05 May, 2010

The Five Ancestors: Tiger

I've read and re-read this book dozens of times so I thought I'd do a book review. (Since I haven't done one in a while, and I can't think of anything else off the bat.)

Title: Tiger
Author: Jeff Stone
Genre: Adventure
Rating: 5 out of 5

Summary (from back flap): Before he dies, the grandmaster of Cangshen Temple instructs his five youngest pupils--each a master of a different fighting style--to search out the secrets of their pasts. Only then, he tells them, will they be able to avenge their fallen brothers and retrieve the temple's secret scrolls. Fu, a master of the tiger arts, doesn't even know where to start. Wounded and hungry, he stumbles through the forest until he heards a tiger roar in pain. Then instinct take over . . .
The good: Plot, characters, action, ancient China, Manchu rule, Chinese lifestyle in the 1600s . . . I love all the elements of this book and it has a very dramatic beginning that quickly makes you ask What happens? Fu has a younger voice that questions what he's there for and what principles to live by, and I like the way Stone incorporates the enemy's voice into the book. I like being able to see what the antagonist is saying in the same situations, and that clearly shows itself in the next few books, where different characters are telling their side of a fight, discussion, or argument. It's the first book out of seven (for five of the temple brothers and two for the persepctives of a street boy and a former brother turned renegade) with the rest of them titles Monkey, Snake, Crane, Eagle, Mouse, and Dragon, Dragon having been released two months ago.
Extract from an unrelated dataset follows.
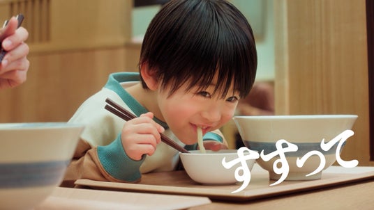 2.「杵屋締め食す編」では、ゆがきたてのうどんを子供から大人までが夢中で“すすり”“飲干す”様子をそれぞれ「大阪締め」の軽快なテンポで表現しました。

The bad: There is a lot of fighting. I don't particularly mind it at all, but if you like low-violence stories, this one has a lot of kicking and punching. They are kung fu masters, after all. And Ying is a violent person in general.

Do I recommend this book? YES! It's nice to have a book that I can sit back and really enjoy for once, instead of criticizing one character flaw or another. You've got to have them, but I think this book (and series) balances them out.